St Mary Magdalene's Church is in Crewe Road, Alsager, Cheshire, England. It is an active Anglican parish church in the deanery of Congleton, the archdeaconry of Macclesfield, and the diocese of Chester. Dedicated to Jesus' companion Mary Magdalene, it is recorded in the National Heritage List for England as a designated Grade II listed building.

==History==

The church replaced a "tin tabernacle" that was sold for £150 and moved to Hassall Green, where it survives as St Philip's Church. The new building was constructed between 1894 and 1896 by the Lancaster firm of architects Austin and Paley, the church having been designed in 1884 by Hubert Austin. At this time only the east bay of the north aisle was built. The aisle was completed in 1936–37, at which time the architect was Henry Paley. It had been planned for the tower, which rises only to the height of the nave, to be higher and for a spire to be added, but this was never achieved.

==Architecture==
===Exterior===
St Mary's is constructed in red sandstone with tiled roofs. Its plan consists of a nave with a clerestory, north and south aisles, a north and south porch, a chancel with an organ loft and vestry to the southeast, and a west tower. The tower has diagonal buttresses, and a semi-octagonal stair turret to the south. On its west side is a four-light window. On the south side of the church is a porch with a statue of Mary Magdalene above the doorway.

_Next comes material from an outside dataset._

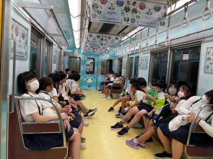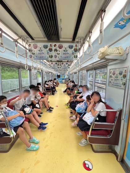 鳥羽水族館で向かう車内。ポケモンとのコラボ車両に乗っています。

To the right of this are five windows, one with two lights, the others with three lights, all containing Decorated-style tracery. Along the clerestory are five two-light windows. The windows on the north side of the church are similar, but those along the aisle all have three lights. On the south wall of the chancel are three two-light windows. The east window has six lights.

===Interior===
Between the nave and the aisle are five-bay arcades carried on elliptical piers. On the north side of the chancel is a two-bay arcade. In the south wall of the chancel are a sedilia and a piscina. The reredos and chancel screen date from 1926. The font is square with chamfered corners. The stained glass includes windows from the early 20th century designed by G. P. Hutchinson for Powells, a window by Karl Parsons dated 1926 depicting Saint Michael and Gabriel, and two windows by Heaton, Butler and Bayne dating from about 1915 and from about 1920. The three-manual organ was built in 1905 by Steele and Keay, with alterations by Rushworth and Dreaper in 1945, and by Ward and Shutt in 1978.

==See also==

- Listed buildings in Alsager
- List of ecclesiastical works by Austin and Paley (1895–1914)
- List of ecclesiastical works by Austin and Paley (1916–44)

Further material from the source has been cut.